Monday, January 31, 2011

California Redistricting: Another Look

I’m still trying to figure out who California redistricting is going to benefit.

Reasons to help the Democrats
1. If you put 100,000 Democrats from Democratic districts into Republican districts and vice-versa you’d end up with more Democratic districts. Current Democratic districts are really Democratic. Current Republican districts are mostly somewhat Republican.
2. I’ve seen a number of maps using Dave’s Redistricting App and made a couple myself. Each time you end up with a number of currently Republican districts with less McCain votes than the current districts.
3. California is trending Democratic.

Reasons to help the Republicans
1. Democrats currently control 64% of the congressional districts. That’s a higher percentage than any results from any California statewide office in 2006, 2008, or 2010.
2. Democrats are more likely to live in heavily Democratic areas than Republicans do. No matter how you draw the districts there are going to be a number of them that are very very Democratic, leaving less Democrats for the remaining districts.
3. If you only use Obama-McCain numbers, as Dave’s does, you may be overestimating Democratic strength. As the chart below shows, Obama exceeded Kerry’s totals by at least 6 points in every Republican district, but only 21 of the 34 districts Democrats hold. So the districts appear to lean more Democratic than they currently do.

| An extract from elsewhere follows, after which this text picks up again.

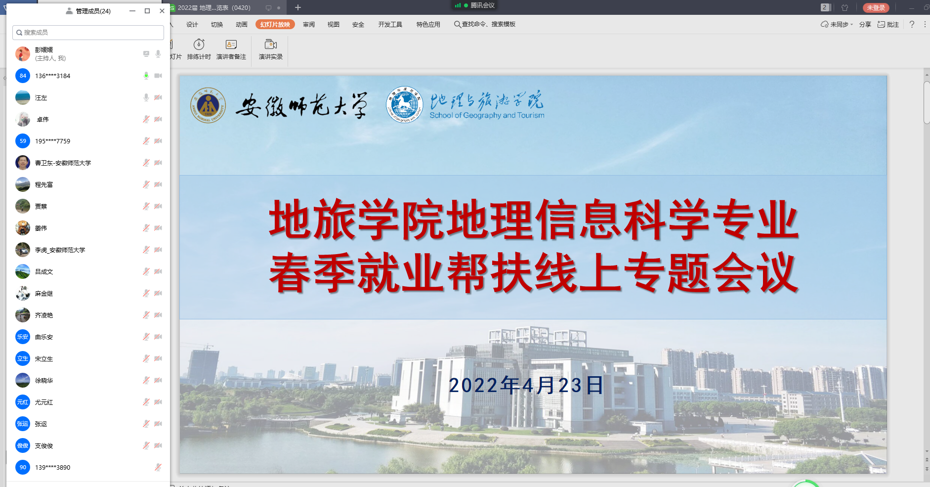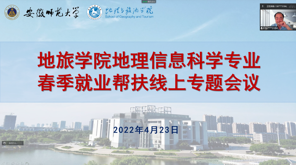 本网讯(彭媛媛)2022年4月25日下午15:00,英国365集团官网地理信息科学专业召开春季就业帮扶线上专题会议,公司党委书记贾冠忠、党委副书记乔静、副经理曹卫东、地理信息科学专业全体教师及辅导员彭媛媛参加了此次会议。会议由地理信息科学专业负责人汪左主持。

Confused? Yeah? Let me confuse you more. In 2006 congressional Democrats beat Republicans nationally by 8 points nationally and by 16 points in California. That makes sense. California is going to overindex because of how Democratic it is. In 2010 Republicans won the congressional vote by 8 points, but in California Democrats won by 12 points. They didn’t drop by nearly as much as they did nationally. On the other hand, Republicans gained the 7% in the California senate race, a margin that fits in with the national results.

If you look at the 7 2006 statewide races Democrats only beat Republicans by 3.5 points. In 2010, Democrats beat Republicans by 13.5 points in the same races. They increased their share in 6 of the 7 statewide races. So it was across the board, not just a better gubernatorial contest.


To sum up:
1. Republicans improved from 2006 to 2010 in congressional races, but not as much as they did nationally.
2. Republicans improved from 2006 to 2010 in the senate race as much as they did nationally.
3. The statewide races produced the opposite results of the congressional and senate races.

What does this mean for 2012? I have no clue.